▶ [Requirement]
Leave the pictures aside and copy all the data exactly.

▶ [Material for this exercise]
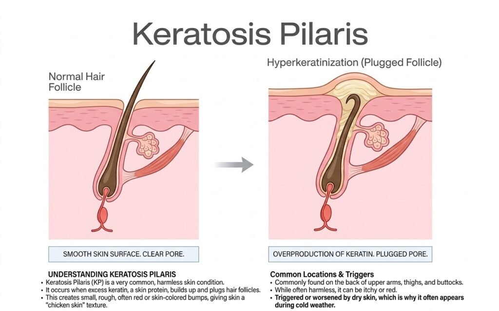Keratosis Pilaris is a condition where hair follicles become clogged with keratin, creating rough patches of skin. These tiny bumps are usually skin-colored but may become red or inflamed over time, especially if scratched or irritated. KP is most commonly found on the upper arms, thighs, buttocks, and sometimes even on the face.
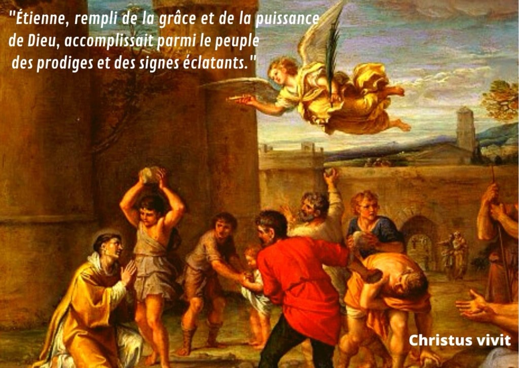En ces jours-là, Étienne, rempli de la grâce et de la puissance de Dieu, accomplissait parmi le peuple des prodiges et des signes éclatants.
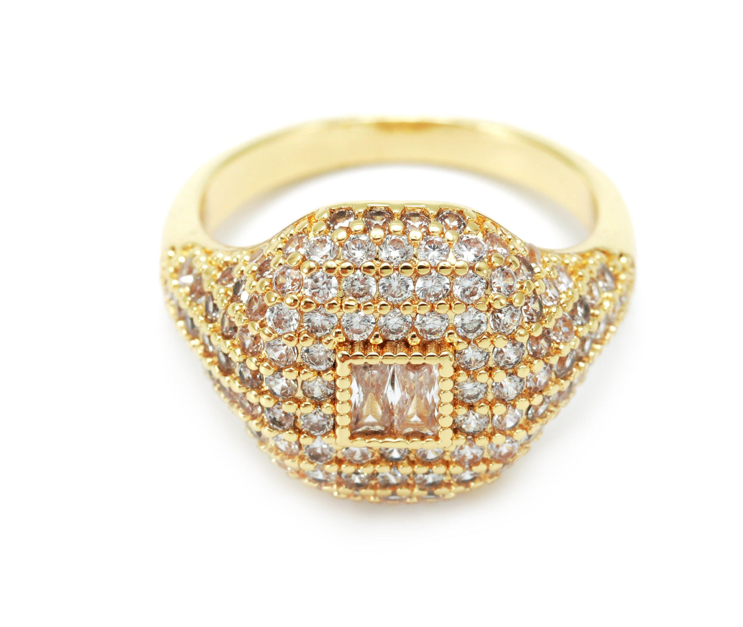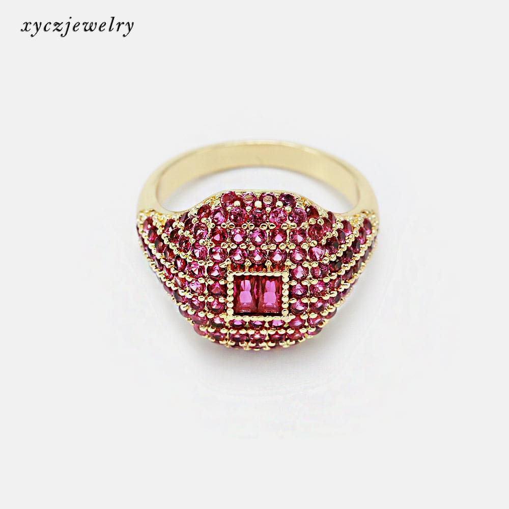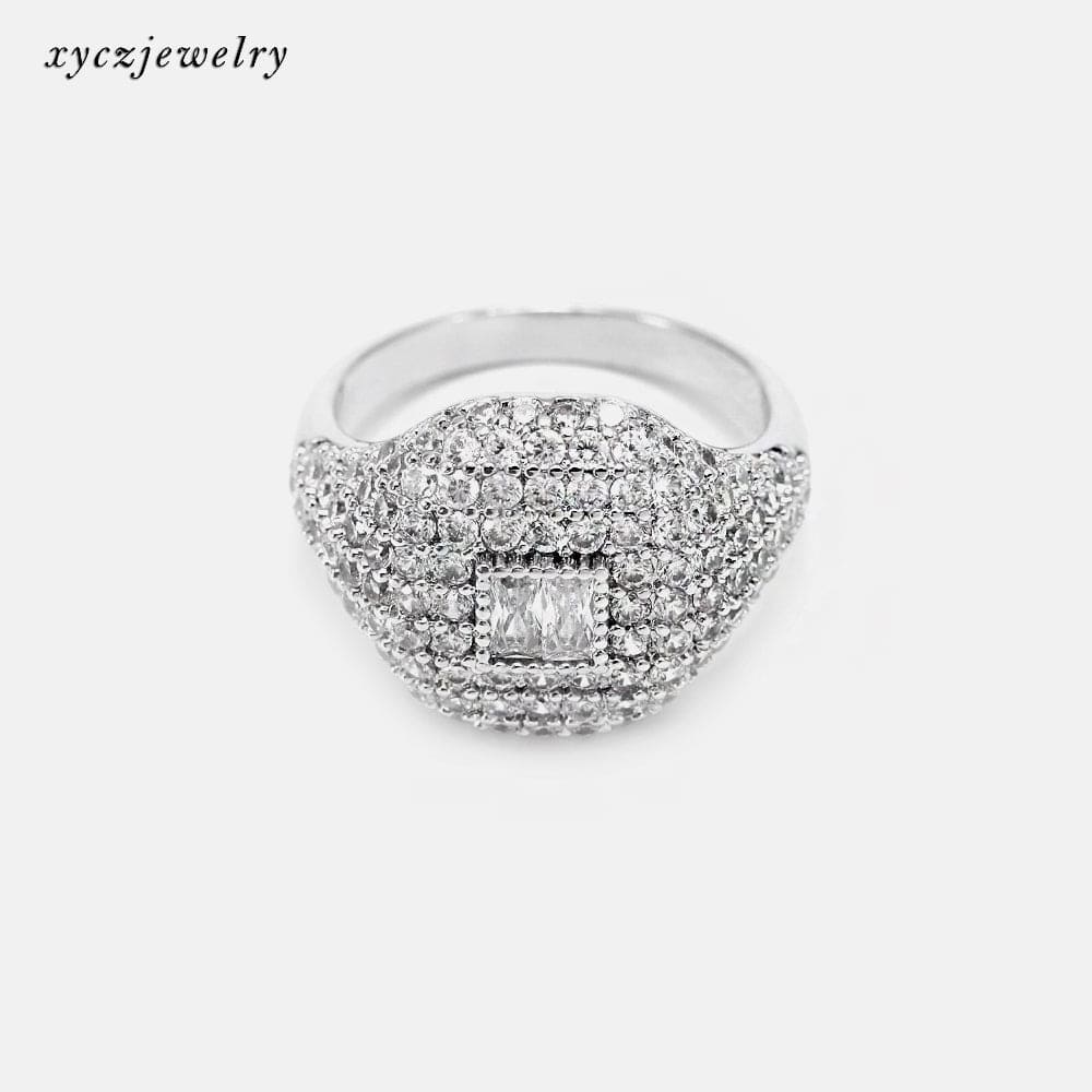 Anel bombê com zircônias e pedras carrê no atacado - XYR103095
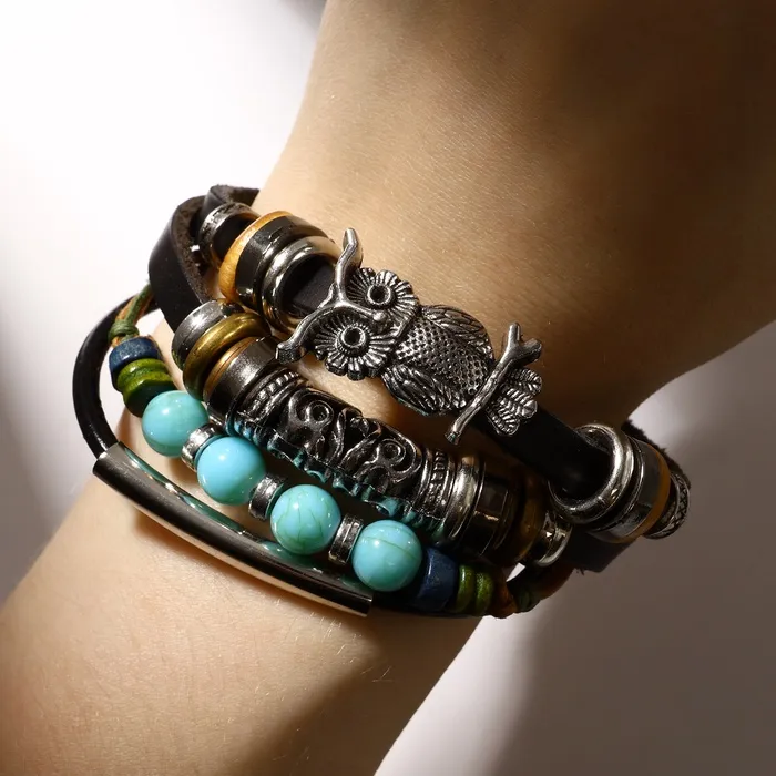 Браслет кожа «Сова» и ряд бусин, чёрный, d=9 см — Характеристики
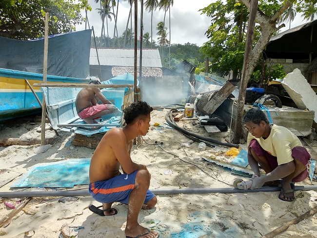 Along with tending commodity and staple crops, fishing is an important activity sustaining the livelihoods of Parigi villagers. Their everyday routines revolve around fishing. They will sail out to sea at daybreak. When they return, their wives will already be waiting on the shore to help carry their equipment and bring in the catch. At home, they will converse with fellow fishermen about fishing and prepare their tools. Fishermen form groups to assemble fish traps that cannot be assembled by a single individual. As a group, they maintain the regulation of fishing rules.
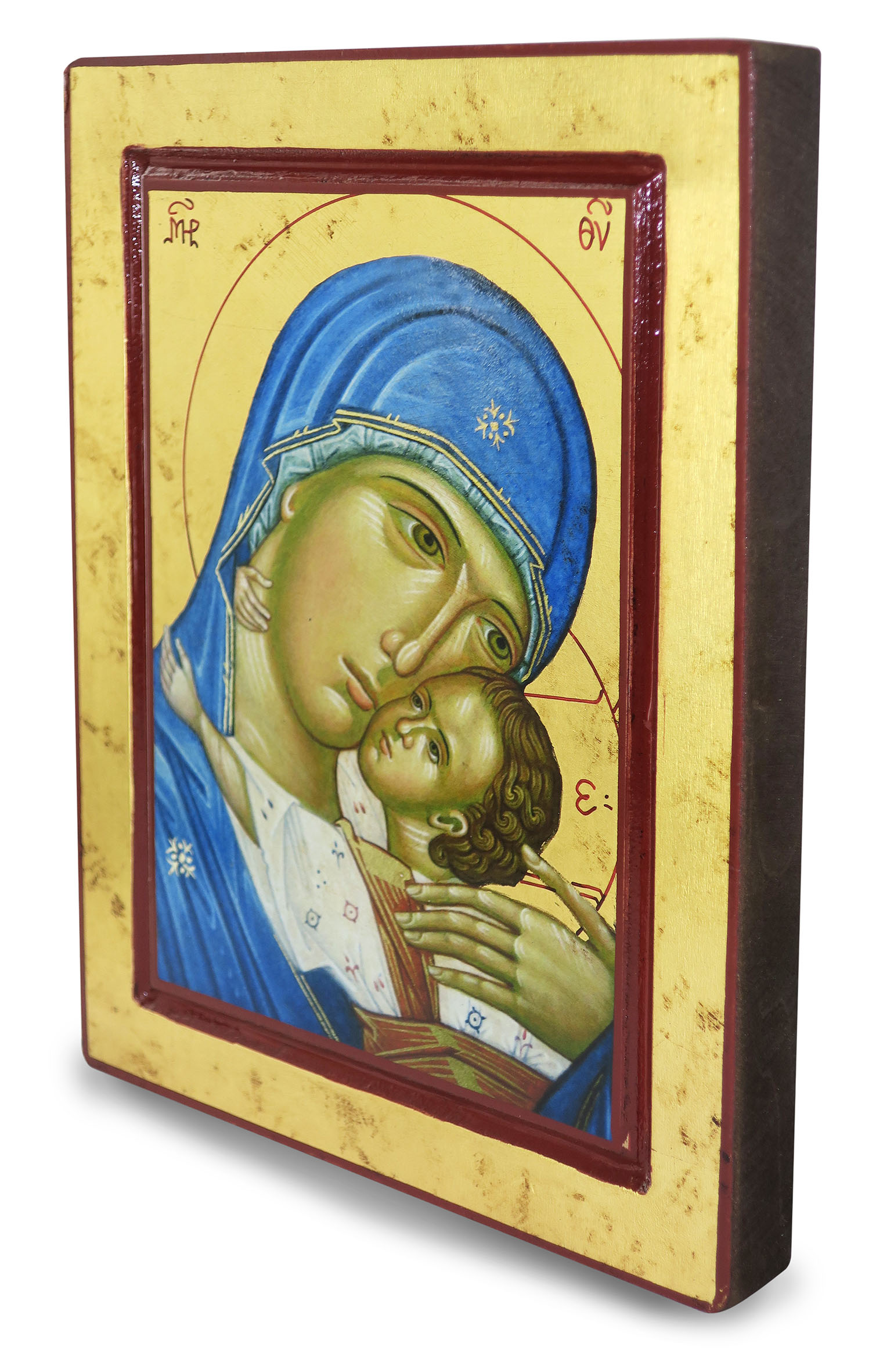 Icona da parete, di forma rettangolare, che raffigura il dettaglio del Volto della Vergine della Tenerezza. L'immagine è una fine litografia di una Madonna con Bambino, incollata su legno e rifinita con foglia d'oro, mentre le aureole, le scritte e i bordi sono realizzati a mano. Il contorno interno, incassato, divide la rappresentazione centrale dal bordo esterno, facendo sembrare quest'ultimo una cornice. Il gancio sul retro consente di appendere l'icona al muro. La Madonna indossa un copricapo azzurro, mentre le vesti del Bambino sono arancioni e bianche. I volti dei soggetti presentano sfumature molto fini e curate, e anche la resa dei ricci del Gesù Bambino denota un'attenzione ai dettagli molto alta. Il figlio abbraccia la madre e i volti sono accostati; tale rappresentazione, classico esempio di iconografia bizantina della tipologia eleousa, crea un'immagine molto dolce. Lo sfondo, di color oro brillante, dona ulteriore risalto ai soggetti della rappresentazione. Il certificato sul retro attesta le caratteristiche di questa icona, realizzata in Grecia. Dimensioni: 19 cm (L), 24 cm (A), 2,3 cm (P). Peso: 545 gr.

▶ [Task response]
Keratosis Pilaris is a condition where hair follicles become clogged with keratin, creating rough patches of skin. These tiny bumps are usually skin-colored but may become red or inflamed over time, especially if scratched or irritated. KP is most commonly found on the upper arms, thighs, buttocks, and sometimes even on the face.
En ces jours-là, Étienne, rempli de la grâce et de la puissance de Dieu, accomplissait parmi le peuple des prodiges et des signes éclatants.
 Anel bombê com zircônias e pedras carrê no atacado - XYR103095
 Браслет кожа «Сова» и ряд бусин, чёрный, d=9 см — Характеристики
 Along with tending commodity and staple crops, fishing is an important activity sustaining the livelihoods of Parigi villagers. Their everyday routines revolve around fishing. They will sail out to sea at daybreak. When they return, their wives will already be waiting on the shore to help carry their equipment and bring in the catch. At home, they will converse with fellow fishermen about fishing and prepare their tools. Fishermen form groups to assemble fish traps that cannot be assembled by a single individual. As a group, they maintain the regulation of fishing rules.
 Icona da parete, di forma rettangolare, che raffigura il dettaglio del Volto della Vergine della Tenerezza. L'immagine è una fine litografia di una Madonna con Bambino, incollata su legno e rifinita con foglia d'oro, mentre le aureole, le scritte e i bordi sono realizzati a mano. Il contorno interno, incassato, divide la rappresentazione centrale dal bordo esterno, facendo sembrare quest'ultimo una cornice. Il gancio sul retro consente di appendere l'icona al muro. La Madonna indossa un copricapo azzurro, mentre le vesti del Bambino sono arancioni e bianche. I volti dei soggetti presentano sfumature molto fini e curate, e anche la resa dei ricci del Gesù Bambino denota un'attenzione ai dettagli molto alta. Il figlio abbraccia la madre e i volti sono accostati; tale rappresentazione, classico esempio di iconografia bizantina della tipologia eleousa, crea un'immagine molto dolce. Lo sfondo, di color oro brillante, dona ulteriore risalto ai soggetti della rappresentazione. Il certificato sul retro attesta le caratteristiche di questa icona, realizzata in Grecia. Dimensioni: 19 cm (L), 24 cm (A), 2,3 cm (P). Peso: 545 gr.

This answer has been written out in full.